### Exercise objective
All entries must be extracted exactly, with nothing added or dropped.
+++ Source material +++
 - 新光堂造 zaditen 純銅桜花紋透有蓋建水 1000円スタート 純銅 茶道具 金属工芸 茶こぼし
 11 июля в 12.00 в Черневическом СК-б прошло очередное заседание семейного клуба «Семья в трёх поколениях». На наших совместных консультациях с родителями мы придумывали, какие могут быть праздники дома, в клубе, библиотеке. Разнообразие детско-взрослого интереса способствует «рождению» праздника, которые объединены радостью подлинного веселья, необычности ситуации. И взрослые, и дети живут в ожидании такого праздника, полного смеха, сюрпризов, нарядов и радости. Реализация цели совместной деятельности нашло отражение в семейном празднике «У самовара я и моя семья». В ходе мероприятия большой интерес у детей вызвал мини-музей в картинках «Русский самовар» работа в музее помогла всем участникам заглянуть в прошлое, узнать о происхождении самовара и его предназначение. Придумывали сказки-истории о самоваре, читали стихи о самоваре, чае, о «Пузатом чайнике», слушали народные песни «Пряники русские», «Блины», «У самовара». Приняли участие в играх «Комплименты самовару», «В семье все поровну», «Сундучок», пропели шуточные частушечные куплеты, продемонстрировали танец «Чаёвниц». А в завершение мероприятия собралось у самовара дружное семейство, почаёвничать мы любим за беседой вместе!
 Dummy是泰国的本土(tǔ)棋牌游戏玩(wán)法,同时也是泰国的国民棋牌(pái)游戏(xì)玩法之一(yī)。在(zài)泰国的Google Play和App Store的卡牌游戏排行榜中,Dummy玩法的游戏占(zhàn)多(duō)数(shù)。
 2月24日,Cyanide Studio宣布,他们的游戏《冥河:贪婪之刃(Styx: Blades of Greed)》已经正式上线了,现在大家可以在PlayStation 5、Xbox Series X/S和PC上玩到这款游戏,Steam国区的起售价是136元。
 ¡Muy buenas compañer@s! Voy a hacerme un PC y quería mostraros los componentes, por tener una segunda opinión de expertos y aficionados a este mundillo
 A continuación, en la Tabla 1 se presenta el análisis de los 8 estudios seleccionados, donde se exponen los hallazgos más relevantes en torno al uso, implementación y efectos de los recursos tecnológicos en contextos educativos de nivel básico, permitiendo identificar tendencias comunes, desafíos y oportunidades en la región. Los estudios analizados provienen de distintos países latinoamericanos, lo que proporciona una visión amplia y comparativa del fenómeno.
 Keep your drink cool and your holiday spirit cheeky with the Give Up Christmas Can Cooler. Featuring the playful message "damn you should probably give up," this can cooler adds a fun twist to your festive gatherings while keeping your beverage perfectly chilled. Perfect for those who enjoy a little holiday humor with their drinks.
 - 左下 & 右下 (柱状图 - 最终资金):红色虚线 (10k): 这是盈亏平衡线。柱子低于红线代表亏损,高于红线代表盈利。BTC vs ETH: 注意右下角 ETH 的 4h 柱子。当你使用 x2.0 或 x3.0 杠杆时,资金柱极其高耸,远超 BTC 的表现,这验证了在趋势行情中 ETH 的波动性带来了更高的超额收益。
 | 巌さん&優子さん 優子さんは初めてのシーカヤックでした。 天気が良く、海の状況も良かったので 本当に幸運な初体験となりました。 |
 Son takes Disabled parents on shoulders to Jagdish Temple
+++
### Expected answer
 - 新光堂造 zaditen 純銅桜花紋透有蓋建水 1000円スタート 純銅 茶道具 金属工芸 茶こぼし
 11 июля в 12.00 в Черневическом СК-б прошло очередное заседание семейного клуба «Семья в трёх поколениях». На наших совместных консультациях с родителями мы придумывали, какие могут быть праздники дома, в клубе, библиотеке. Разнообразие детско-взрослого интереса способствует «рождению» праздника, которые объединены радостью подлинного веселья, необычности ситуации. И взрослые, и дети живут в ожидании такого праздника, полного смеха, сюрпризов, нарядов и радости. Реализация цели совместной деятельности нашло отражение в семейном празднике «У самовара я и моя семья». В ходе мероприятия большой интерес у детей вызвал мини-музей в картинках «Русский самовар» работа в музее помогла всем участникам заглянуть в прошлое, узнать о происхождении самовара и его предназначение. Придумывали сказки-истории о самоваре, читали стихи о самоваре, чае, о «Пузатом чайнике», слушали народные песни «Пряники русские», «Блины», «У самовара». Приняли участие в играх «Комплименты самовару», «В семье все поровну», «Сундучок», пропели шуточные частушечные куплеты, продемонстрировали танец «Чаёвниц». А в завершение мероприятия собралось у самовара дружное семейство, почаёвничать мы любим за беседой вместе!
 Dummy是泰国的本土(tǔ)棋牌游戏玩(wán)法,同时也是泰国的国民棋牌(pái)游戏(xì)玩法之一(yī)。在(zài)泰国的Google Play和App Store的卡牌游戏排行榜中,Dummy玩法的游戏占(zhàn)多(duō)数(shù)。
 2月24日,Cyanide Studio宣布,他们的游戏《冥河:贪婪之刃(Styx: Blades of Greed)》已经正式上线了,现在大家可以在PlayStation 5、Xbox Series X/S和PC上玩到这款游戏,Steam国区的起售价是136元。
 ¡Muy buenas compañer@s! Voy a hacerme un PC y quería mostraros los componentes, por tener una segunda opinión de expertos y aficionados a este mundillo
 A continuación, en la Tabla 1 se presenta el análisis de los 8 estudios seleccionados, donde se exponen los hallazgos más relevantes en torno al uso, implementación y efectos de los recursos tecnológicos en contextos educativos de nivel básico, permitiendo identificar tendencias comunes, desafíos y oportunidades en la región. Los estudios analizados provienen de distintos países latinoamericanos, lo que proporciona una visión amplia y comparativa del fenómeno.
 Keep your drink cool and your holiday spirit cheeky with the Give Up Christmas Can Cooler. Featuring the playful message "damn you should probably give up," this can cooler adds a fun twist to your festive gatherings while keeping your beverage perfectly chilled. Perfect for those who enjoy a little holiday humor with their drinks.
 - 左下 & 右下 (柱状图 - 最终资金):红色虚线 (10k): 这是盈亏平衡线。柱子低于红线代表亏损,高于红线代表盈利。BTC vs ETH: 注意右下角 ETH 的 4h 柱子。当你使用 x2.0 或 x3.0 杠杆时,资金柱极其高耸,远超 BTC 的表现,这验证了在趋势行情中 ETH 的波动性带来了更高的超额收益。
 | 巌さん&優子さん 優子さんは初めてのシーカヤックでした。 天気が良く、海の状況も良かったので 本当に幸運な初体験となりました。 |
 Son takes Disabled parents on shoulders to Jagdish Temple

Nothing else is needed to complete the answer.